Apropos of Van Gogh, magic and spells: all the people
who, for two months now, went to see the exhibition of
his works at the Musée de l’Orangerie, are they really sure
they remember everything they did and all that happened
to them every evening of the months of February, March,
April and May 1946? Was there not a certain evening when
the atmosphere of the air and the streets became liquid,
gelatinous, unstable, and when the light from the stars and
the heavenly vault disappeared?
And Van Gogh who painted the café in Arles was not
there. But I was in Rodez, which means, still on earth, while
all the residents of Paris must have felt, for one night, very
close to leaving it.
* * *
We can talk about the good mental health of Van
Gogh, who in his lifetime, did no more than cook one of
his hands and cut off his left ear,
in a world in which every day we eat vagina cooked in
green sauce and the genitals of the new-born flagellated
and beaten furiously,
plucked on leaving the mother’s sex.
And this is not an image, but a fact abundantly and
daily repeated and cultivated throughout the entire world.

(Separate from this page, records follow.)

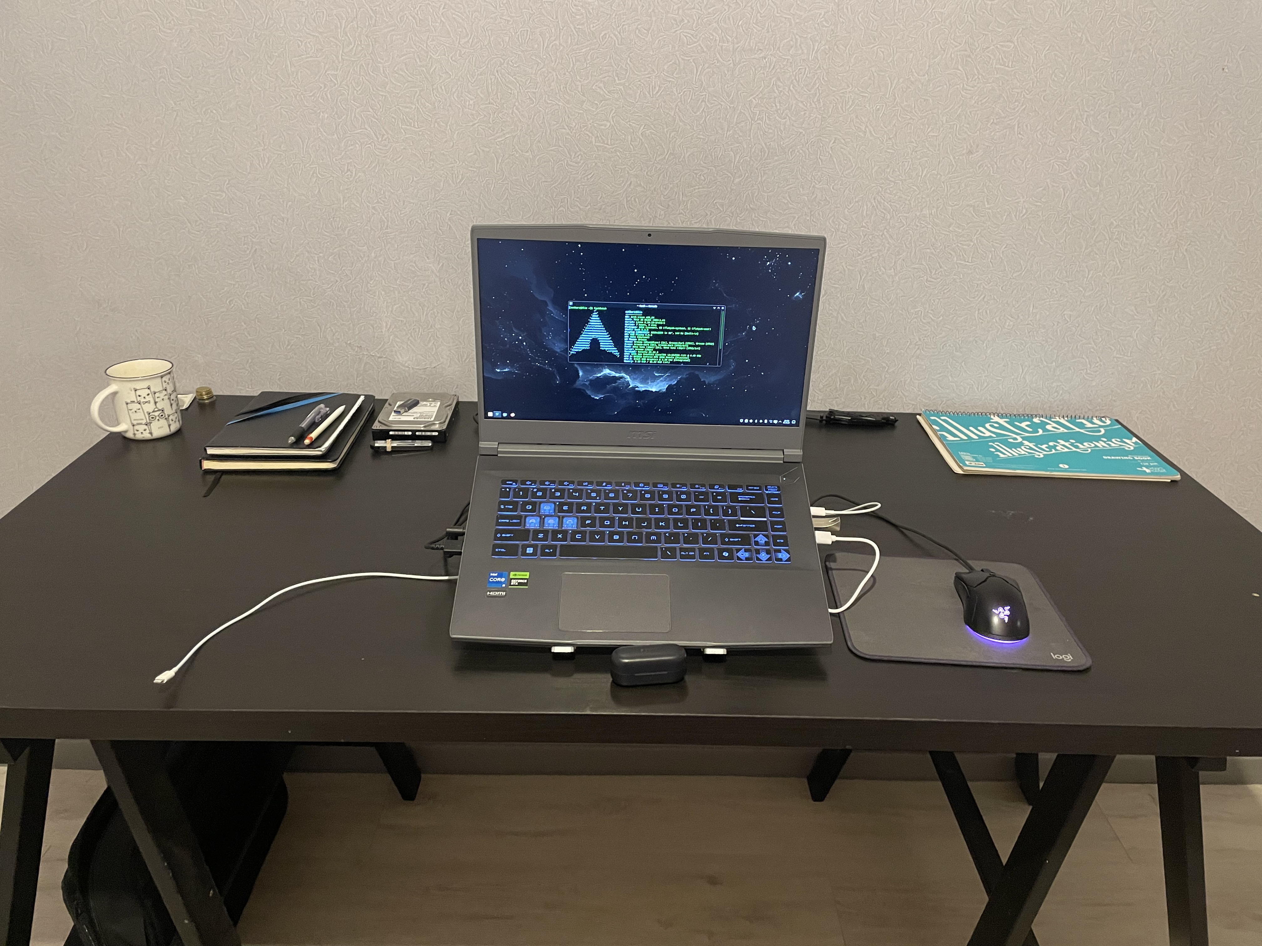 Do you have enough desk space bro? It looks its all barely fitting on the table. Besides that i really like your vertical monitor and the tablet
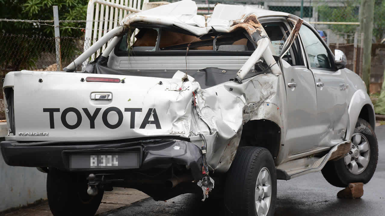 Les policiers lui réclament des explications. Aux dires du chauffeur, manager dans une compagnie, il se dirigeait vers Floréal lorsqu’il a commencé à pleuvoir des cordes. « J’ai dérapé et mon véhicule a fait plusieurs tonneaux ».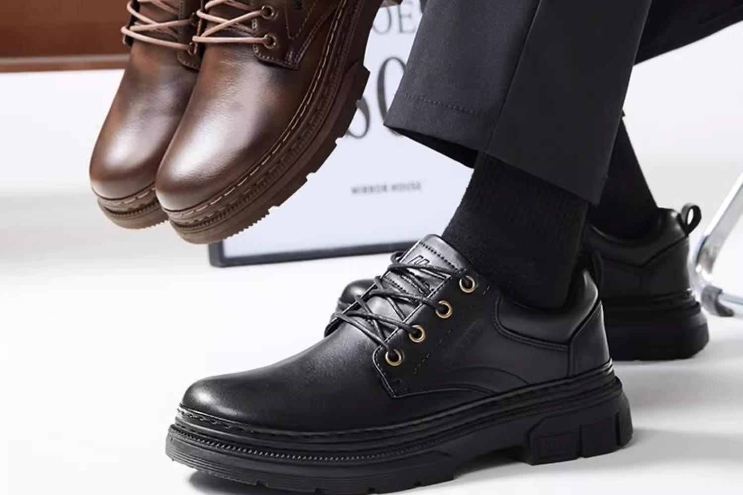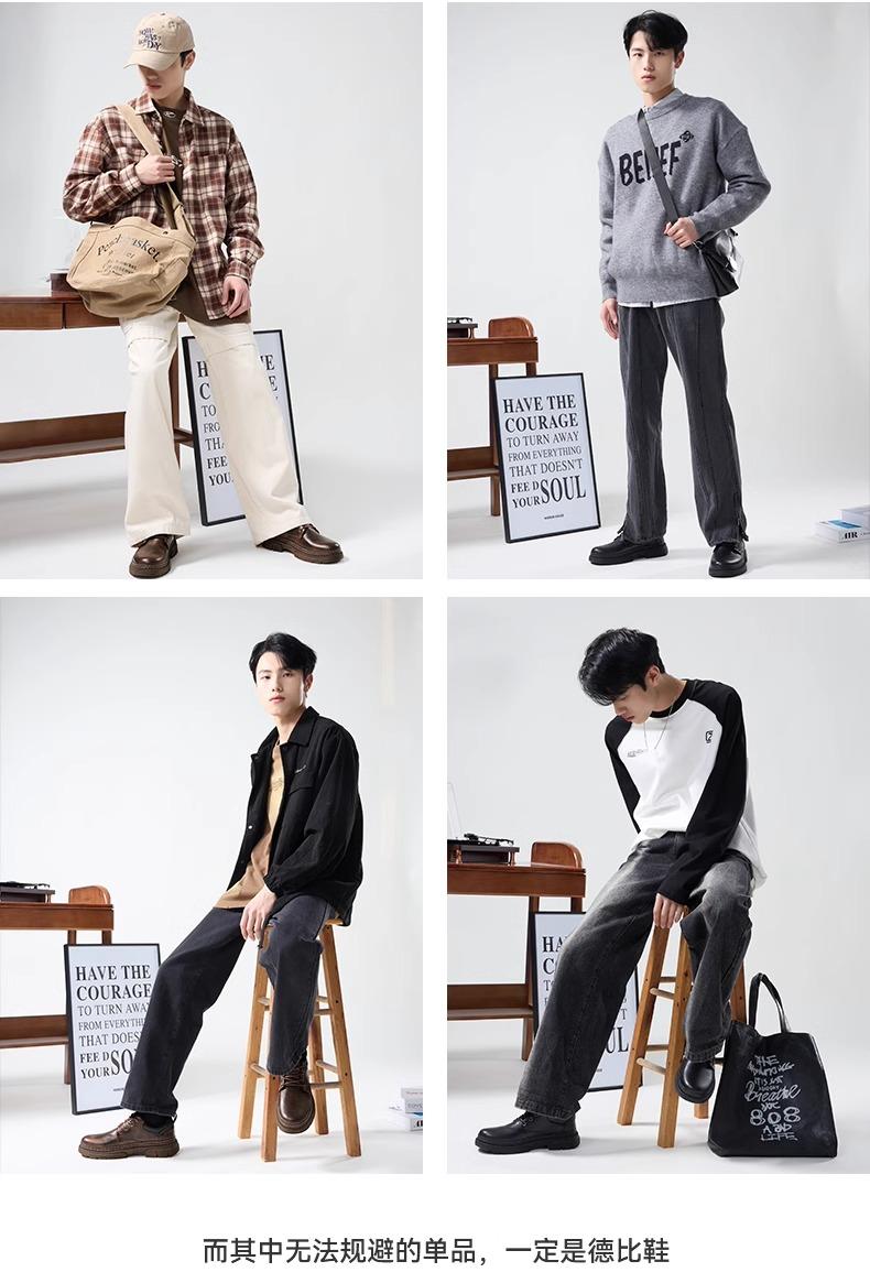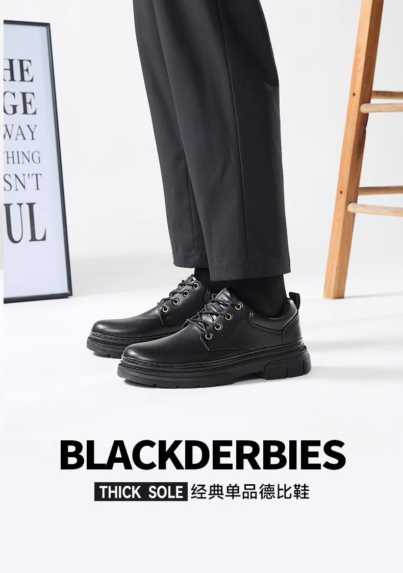 回力皮鞋男款秋冬新款英伦软底休闲男鞋商务伴郎男士黑色德比鞋子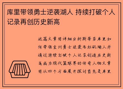 这篇文章将详细分析斯蒂芬·库里如何带领金...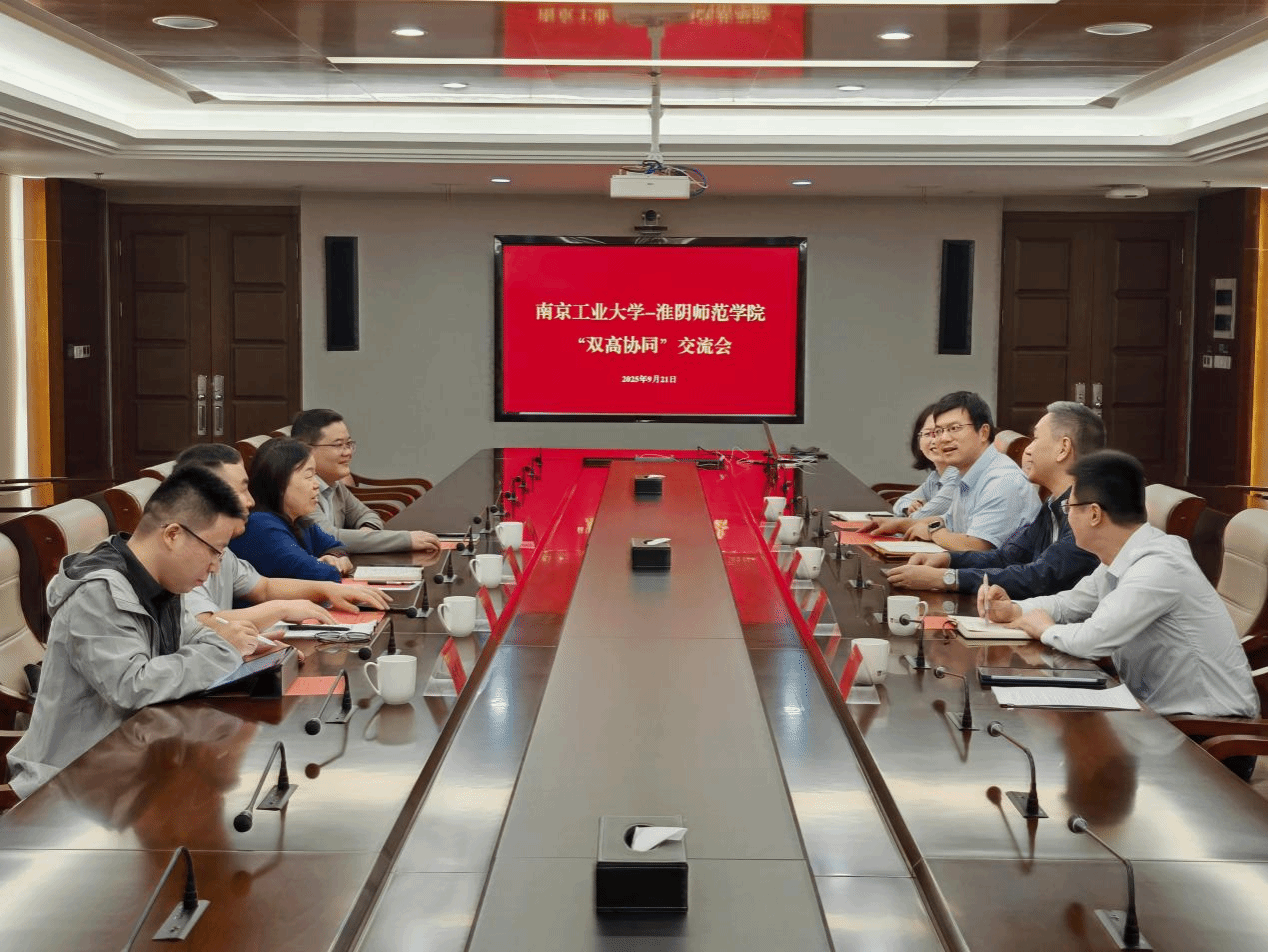 在南京工业大学,副校长顾学红介绍了学校的情况,代表学校对丁红燕副校长一行表示诚挚的欢迎。他表示,淮阴师范学院与南京工业大学渊源深厚,有着长期良好的合作基础和广阔的合作前景。未来,希望两校以“双高协同”为契机,进一步深化合作交流,在服务地方经济社会发展上携手共进。丁红燕副校长指出,南京工业大学相关学科实力雄厚,与地方合作已有成功先例,在科技成果转化与孵化方面积累了丰富经验,值得我校深入学习借鉴。双方还围绕“双高协同”中的平台共建、科研合作等话题展开了深入讨论。

As delirious as this declaration might appear, that is
how present life maintains its old atmosphere of
debauchery, anarchy, disorder, delirium, dysfunction,
chronic madness, bourgeois inertia, psychic anomaly (for
it is not man but the world that has become abnormal),
deliberate dishonesty and extraordinary hypocrisy, a filthy
contempt for everything that shows breeding,
demand for a system entirely based on the execution
of a primitive injustice,
organized crime, in a word.
All is going badly right now because the sick
consciousness has vested interest not to come out of its
sickness.
That is how corrupt society invented psychiatry to
defend itself against the investigations of certain superior
lucidities whose faculties of divination were impeding it.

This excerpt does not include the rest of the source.